AcrVAs são repressores das proteínas dCas12a
Um portão NOT foi projetado e construído inserindo o de expressão AcrVA pGAL1-driving no circuito 1. Dessa forma, a síntese de AcrVA e a consequente repressão da dCas12a-AD poderiam ser induzidas pela galactose (Figura 5A). Como mostrado na Figura 5B,C, AcrVA1 impediu tanto denAsCas12a quanto dLbCas12a como ativadores, reduzindo a expressão de fluorescência de 19% para 71%, dependendo do esquema do circuito. AcrVA4 e AcrVA5 não podem exercer qualquer ação sobre denAsCas12a34. No entanto, eles realizaram uma forte inibição dos ativadores baseados em dLbCas12a, reduzindo a expressão de fluorescência em até 84% (AcrVA5) e 82% (AcrVA4). No geral, o AcrVA5 revelou-se o mais confiável, entre esses três AcrVAs, na inibição de ativadores baseados em dLbCas12a, pois garantiu, em diferentes circuitos, mais de 70% de repressão.

A ação do AcrVA1 é dependente da concentração
A relação entre a concentração in vivo de AcrVAs e seus efeitos inibitórios sobre ativadores e repressores baseados em denAs/dLbCas12a também foi estudada. Para esse objetivo, cada AcrVA foi expressa sob diferentes promotores: o forte pGAL1, o médio-forte pTEF1 e o fraco genCYC1t_pCYC1noTATA. Como ilustrado na Figura 5E, o AcrVA1 apresentou grandes flutuações em seu desempenho dependendo do promotor que liderou sua síntese. AcrVA1 funcionou razoavelmente bem apenas quando produzido por pGAL1. Sob pTEF1 e genCYC1t_pCYC1noTATA, AcrVA1 mostrou alguma repressão apenas no dLbCas12a nu. AcrVA4 e AcrVA5, em contraste, parecem ser menos sensíveis à sua concentração, especialmente quando interagem com a dLbCas12a nua.
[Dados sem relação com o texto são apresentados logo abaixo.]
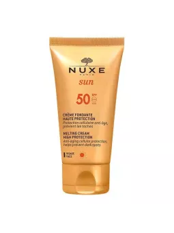 Nuxe Sun Crème Fondante Visage SPF 50 50 ml est une haute protection solaire au parfum de vacances qui garantit un bronzage 100% naturel et glamour.

Esses dados mostraram que AcrVA4 e AcrVA5 geralmente tiveram melhor desempenho do que AcrVA1 na inibição de fatores de transcrição baseados em dLbCas12a em S. cerevisiae. Deve-se notar que AcrVA5 tem um mecanismo de funcionamento peculiar, uma vez que atua como uma enzima que modifica LbCas12a permanentemente. No entanto, como mencionado acima, AcrVA5 (juntamente com AcrVA4) não pode interagir com denAsCas12a.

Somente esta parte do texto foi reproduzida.